I was thinking that Reigns and Lesnar would both retain and that Lesnar would win the rumbleand choose to go after both titles


----------



## deadcool (May 4, 2006)

Reigns vs Lesnar for the millionth time

Rousey vs Lynch

Lashley vs Rollins

Usos vs Riddle/Orton


----------



## James Cagney (Oct 5, 2016)

So predictable now.

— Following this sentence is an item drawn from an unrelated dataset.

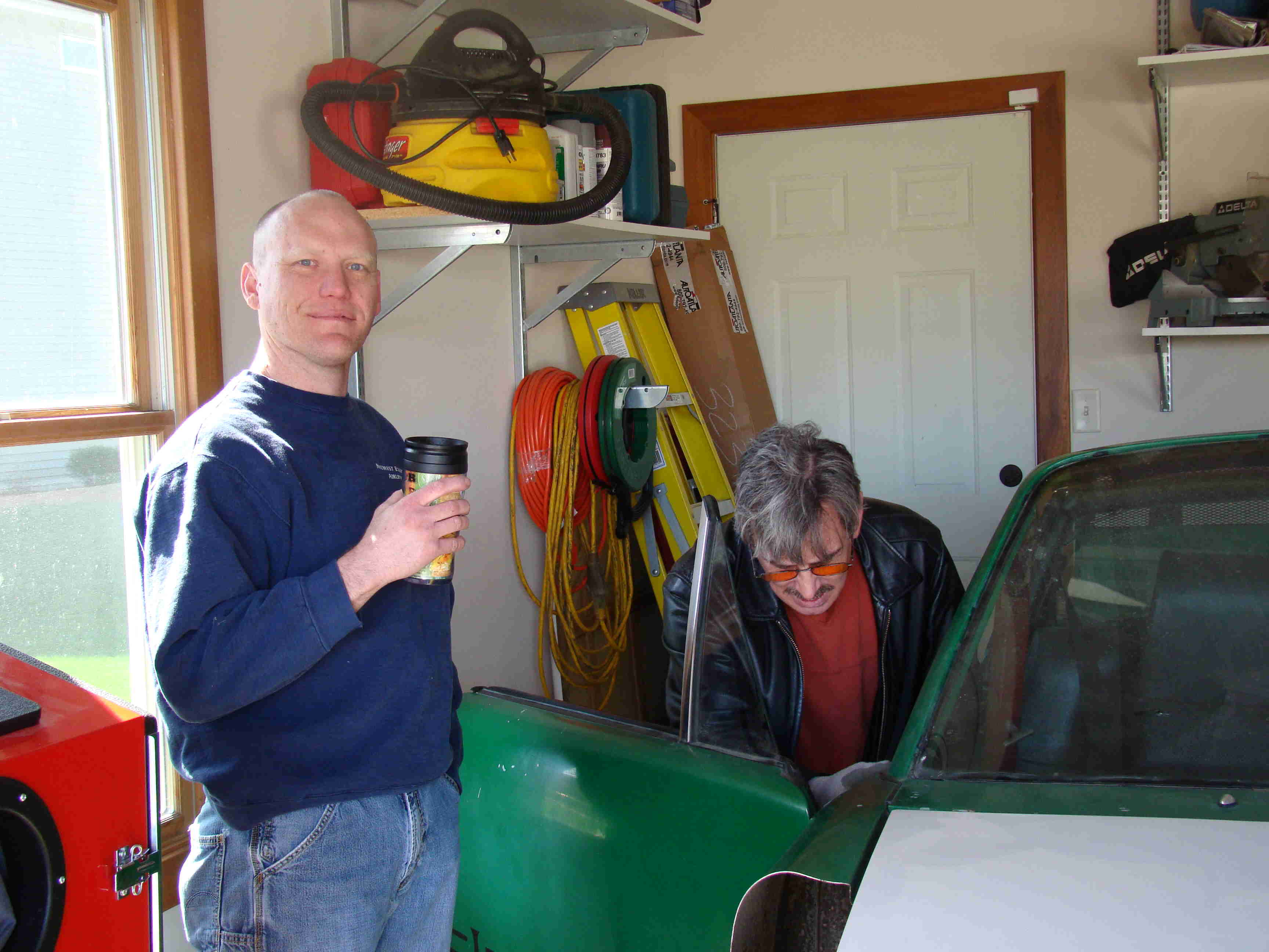 When Rick was through the door closed like butter. We ended up swapping out the door latch with one of my spares. I found out that was half my problem. Here's a picture of me relaxing while Rick does the work. This was the first time I let someone else touch one of my project cars. I usually do all the wrenching. This one was beyond me. One false move and it would be tweaked the wrong way. I kept one hand in my pocket and the other on the coffee cup. Rick knows what he's doing. I just tried to stay out of the way.
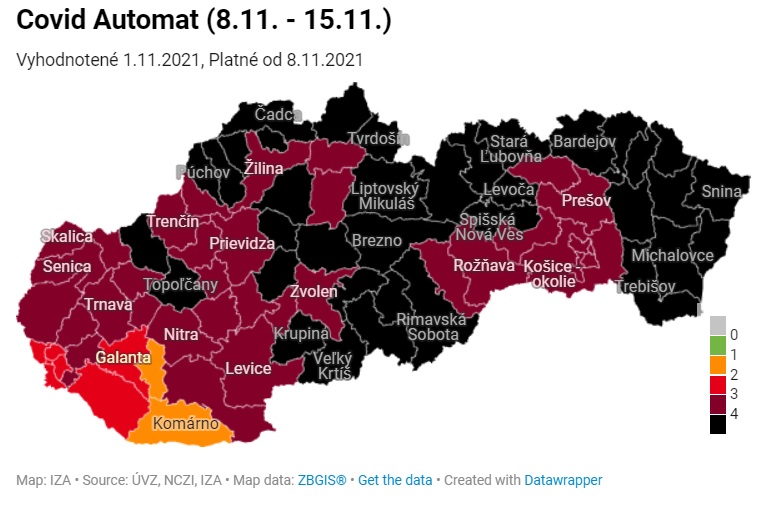Od pondelka 8. novembra už bude 36 okresov v najprísnejšej čiernej farbe covid automatu. Bordových okresov bude 34, červených sedem.

Lesnar to take his revenge at Mania which will be so unfair to Reigns getting fed to Lesnar yet again.


----------



## DUD (Feb 21, 2021)

Roman Reigns vs Brock Lesnar
Bobby Lashley vs AJ Styles
Charlotte vs Ronda Rousey
Becky Lynch vs Bianca Belair
Sheamus vs Bad Bunny
Drew McIntyre vs Happy Corbin
Shane McMahon vs Austin Thery
The Usos vs Rollins and KO
Damien Priest vs Finn Balor


----------



## Sbatenney (Jul 3, 2018)

Brock vs Reigns(clear as day after the rumble to be honest, only one that I am 100% sure of)
Becky Lynch vs Ronda Rousey(I still think they will make this a trio of matches at Mania with Ronda getting her win back and than Becky likely beating her next year's mania)
Charlotte vs Lita(I think they kinda showed with some camera work like when they framed Lita and Charlotte with the Mania sign)
Bobby Lashley vs Drew McIntrye vs Seth Rollins(I think Drew is moving on from Happy after the beatdown at the rumble, I could see him moving back to RAW since Brock and Big E are heading to Smackdown)
AJ Styles vs Kevin Owens(Honestly just want to see this match happen at Mania)
Happy Corbin vs Nakamura vs Sami Zayn
Shane McMahon vs Austin Theory 
Bad Bunny and Damien Priest vs Sheamus and Ridge Holland
Randy Orton vs Riddle


----------